What Warren is looking for is not information about people's jobs, but why Hopkins is important to them. Why are they here? Why have they stayed? And how has being at Hopkins made a difference in their lives?

Warren said she delighted in letting these people just spout and was regularly surprised by what they told her.

She recounts a half-hour discussion with Bert Vogelstein, professor of oncology and cancer biology at the School of Medicine, that was "just pure gold," and a three-hour interview with Professor Richard A. Macksey, the much-beloved and -respected teacher who helped to found the School of Arts and Sciences' Humanities Center.

"That was a tremendous honor, just to be there," Warren said.

A common word that came up in each interview, Warren said, was decentralization. However, she said, a major intent of the anniversary book is to chronicle all of Johns Hopkins, from the Applied Physics Laboratory to the Peabody Institute and from the hospital to the School of Engineering. "I tried to find all kinds of voices that will reflect the various aspects of each institution," she said.

But she looked for "interconnecting themes" that brought the university together. The format of the book does just that.

Early on, Warren came across the 1876 inaugural speech of Daniel Coit Gilman, the university's first president. She was astonished to read the words of a man who so clearly envisioned what has come to be.

"It's a remarkable document," Warren said. "It's not a stretch at all to take some of what he is saying and say, that is SAIS, this is APL, that is the School of Engineering. Very early on it became obvious to me this document would be a unifying factor for the whole thing. The whole idea of the book was really for the first time to look at Johns Hopkins as a whole, which apparently hasn't been done before."

In its 280 pages, the book will contain close to 400 images from throughout the years and also include a chronology.

Photos incorporate the dedication of Peabody in 1866, the infamous theft of the Maryland Terrapin before the 1947 Hopkins-University of Maryland lacrosse game, the first blue-baby operation and the initial operation to take place in the surgical amphitheater at the hospital.

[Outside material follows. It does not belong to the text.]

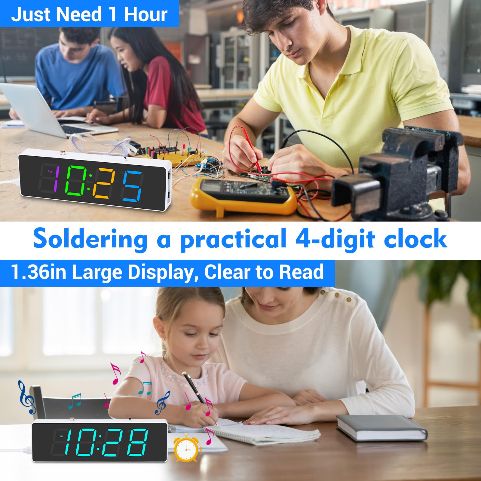 ⏰【DIY Digital Clock Kit】: The practical soldering kit are used to installed to a 4-Digit colorful LED Electronic Clock. Which can display current date, time, temperature in the real time, Alarm clock music. Electronic soldering project kit is not only to improve your soldering skills, you will also will be more familiar with electronic components and learn more interesting electronics things. The finished project can also be used as desktop art accessories.

Warren said many photos have never been seen before, and even the familiar images are on such a large, dramatic scale that people will be able to see details that they never knew were there.

"The book is full of incredible photos, each of which has a wonderful story to tell," Warren said, adding that some of the photos, she was exhilarated to discover, were taken by her own father, Marion Warren, a frequent contributor to Johns Hopkins Magazine.

Another magazine connection is the book's designer, Gerry Valerio, the periodical's former art director. Copy editor Jane McWilliams, who worked with Warren and Valerio on the Washington and Lee project, has assisted Warren's research effort.

Publication of the book is scheuled for October. When it is unveiled, Warren said, she thinks people will be able to open up a book that shows a very humanistic side to one of the country's greatest institutions.

"This book is a way of reminding people just how important this institution is to them. And how better do that then to have something sitting on their coffee table day and night that they can leaf through?" Warren said. "It is a book full of personal reminiscences, from people just like them."